McCurdy was rightfully upset, feared for his daughter's safety, and when he called the school to see how this could have happened, he got a glib brush-off response, the dad says. "We asked her why my daughter was sent home in just panties and a T-shirt, and she begins to tell me, 'We thought she had a long enough shirt to be able to put her on the school bus and send her home.'"
Absolutely not OK.
Six is a strange and wonderful age. Kids are discovering all kinds of new things about the world and new things about themselves too.
It brings with it a heightened sense of self-consciousness, and kids start to develop a sense of modesty. It's why they'll want to change alone, shout at you if you barge in on them in the bathroom and ask to start using the stall solo out in public. This kind of body autonomy should not be ignored and definitely should not be violated by a parent or a school.
Most children would not be OK with being asked to take a ride with a bus full of their peers in only their underpants and a T-shirt. It is in fact the stuff that school-age nightmares are made of — that sense of exposure and the humiliation it brings.
If your child needs frequent bathroom breaks at school, they aren't abnormal, especially around the age of 6. A study published in The Journal of Urology says that as many as 15 percent of kids wet their pants at school and that restricted bathroom breaks should only be an option once kids hit third grade.
Despite that information, a third of kids were told to wait when they asked to use the bathroom (sound familiar?), and 89 percent of teachers thought a bathroom break every hour was excessive (it's not!).
If your child is one of the many that need frequent bathroom breaks, it can be helpful to talk to their teachers and request that they be allowed to use the restroom when nature calls to avoid accidents.
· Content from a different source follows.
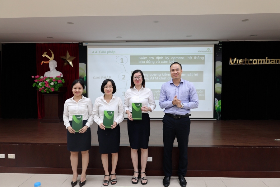 Tiếp theo, ba nhóm đại diện các phòng nghiệp vụ đã trình bày các nội dung liên quan đến rủi ro trong ba mảng chính: thẻ, tài khoản và ngân quỹ. Các bài trình bày được xây dựng công phu, lồng ghép các tình huống thực tế, giúp phân tích sâu sắc các rủi ro tiềm ẩn và đề xuất các chốt kiểm soát phù hợp. Phần thảo luận đã diễn ra sôi nổi, cởi mở với nhiều ý kiến đóng góp thiết thực từ cán bộ và lãnh đạo các phòng ban, hướng đến việc áp dụng hiệu quả vào thực tiễn công việc.

It's also important to remember to pack extra sets of clothing, even after you think it's no longer an issue. It's like we tell our kids: Accidents do happen!
McCurdy, for his part, has hired a lawyer, while the school administration says it'll be looking into what went wrong in this particular case. I think at the end of the day, the outraged dad said it best:
"They make me send her to school in clothes to their expectations. Why couldn't you send my kid home in clothes to your expectations?"